Problems from mechanics are often solved using mathematics. For example, if a building engineer wants to know how a balcony will deform under a heavy load, mathematicians can describe this by means of partial differential equations. Usually, the solutions cannot be calculated exactly, so they are approximated using numerical methods. Thus the reliable numerical approach of such solutions plays a fundamental role in the mechanical application. For engineering practice, such procedures have to be easy to implement, deal sparingly with computer resources, and provide the most accurate results possible. For more than 50 years, mathematicians around the world have been researching extensively on how to improve this method, but in this area there was not much new to discover. The best minds had already developed the most efficient methods. Then Mira took up the challenge with an excellent dissertation that presented fundamentally new and sensationally easy-to-implement procedures. In her PhD thesis, Mira abandons the conventional approach to the approximation of PDE solutions and makes use of the characterization of the derivative as a conservative vector field via a Helmholtz decomposition, which breaks down an unstructured vector field into a gradient and a rotation field. Mira explained "There were no simple methods to solve problems of higher order. Whether or not I would find practical procedures was not initially clear, but the theory fascinated me." Mira wanted to do something completely new and not simply improve old methods. "That would certainly have been safer. My approach was risky, but I found it exciting" she said.

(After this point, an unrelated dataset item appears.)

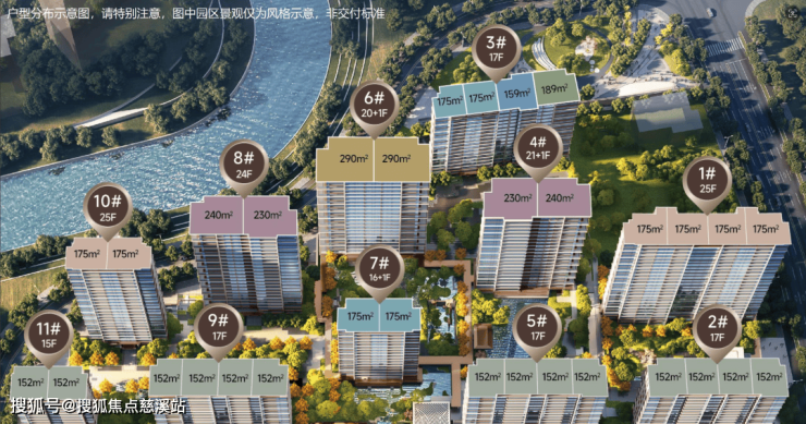 普通住宅为152/175/159/189㎡;第四代住宅户型面积为230/240/290㎡。

As a BMS scholarship holder, Mira did her PhD under the supervision of BMS faculty member Prof. Dr. Carsten Carstensen. She completed her doctorate at the HU in 2015 and graduated with summa cum laude. Currently, Mira is a postdoctoral researcher at the University of Bonn's Institute for Numerical Simulation and also a guest lecturer in the working group Numerical Mathematics at the HU.

The Humboldt Prize is an annual award given to outstanding students and young scientists whose final theses are deemed examples of outstanding scientific work. All prizes are awarded by the university president at the opening ceremony of the new academic year. The dissertation prize comes with a monetary award of 3000 euros. The FVB awards the Marthe Vogt Award annually to one outstanding young female scientist who is active in the same field as any of the eight research institutes represented by the FVB. This prize is also endowed with 3000 euros.

Mira, congratulations on your achievements!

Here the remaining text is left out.